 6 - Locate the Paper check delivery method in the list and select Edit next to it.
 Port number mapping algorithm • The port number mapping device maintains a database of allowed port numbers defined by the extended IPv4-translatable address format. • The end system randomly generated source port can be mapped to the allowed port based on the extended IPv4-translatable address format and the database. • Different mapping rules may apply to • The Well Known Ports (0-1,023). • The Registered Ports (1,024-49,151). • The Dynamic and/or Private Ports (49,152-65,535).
= = = = = = =
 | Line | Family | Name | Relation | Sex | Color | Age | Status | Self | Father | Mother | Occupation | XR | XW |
= = = = = = =
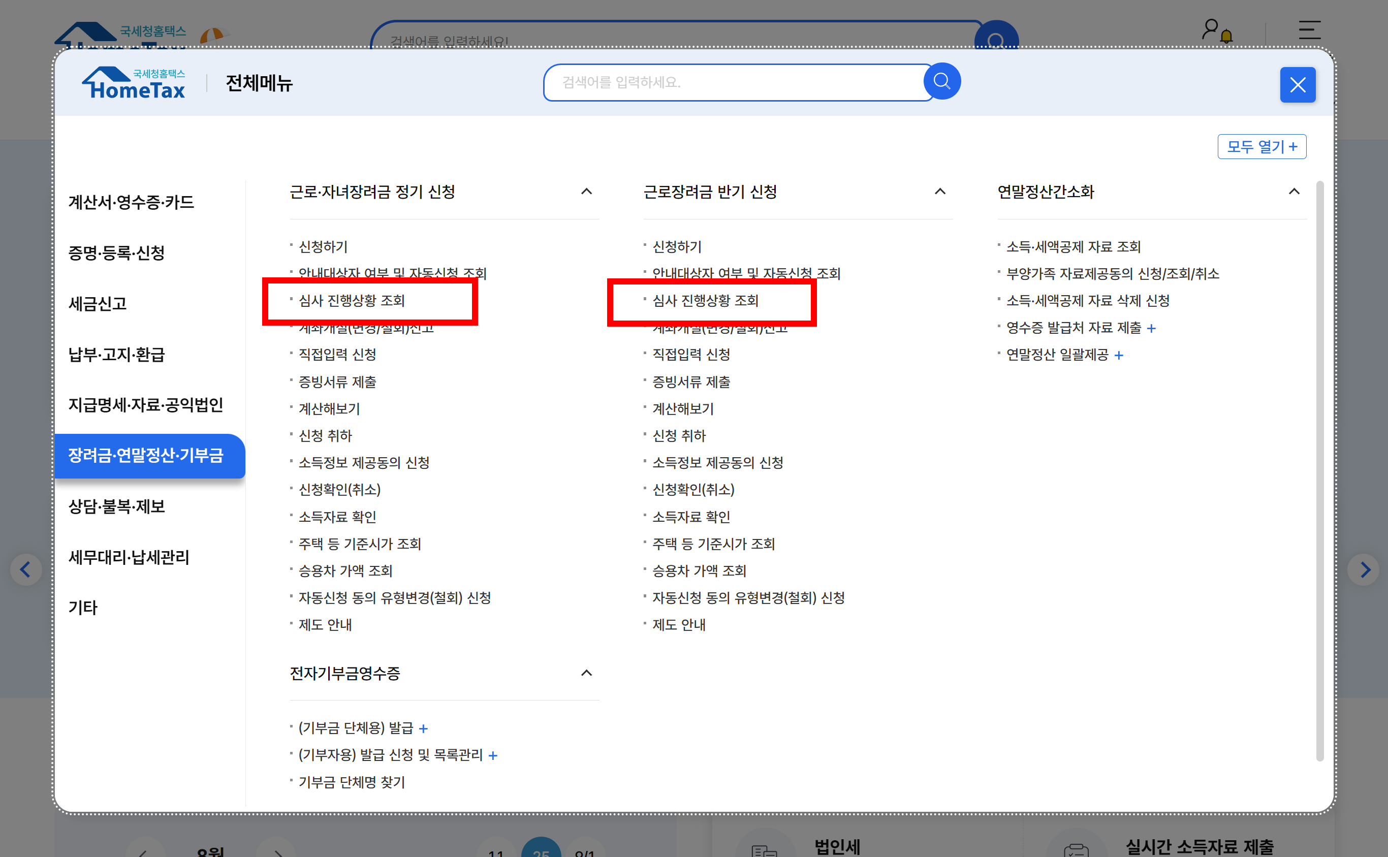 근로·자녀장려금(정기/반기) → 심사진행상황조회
= = = = = = =
EXERCISE GOAL> Retype the entries above exactly, but only from the line containing "6 - Locate the" through the line containing "Port number mapping algorithm", both included.

RESPONSE>
 6 - Locate the Paper check delivery method in the list and select Edit next to it.
 Port number mapping algorithm • The port number mapping device maintains a database of allowed port numbers defined by the extended IPv4-translatable address format. • The end system randomly generated source port can be mapped to the allowed port based on the extended IPv4-translatable address format and the database. • Different mapping rules may apply to • The Well Known Ports (0-1,023). • The Registered Ports (1,024-49,151). • The Dynamic and/or Private Ports (49,152-65,535).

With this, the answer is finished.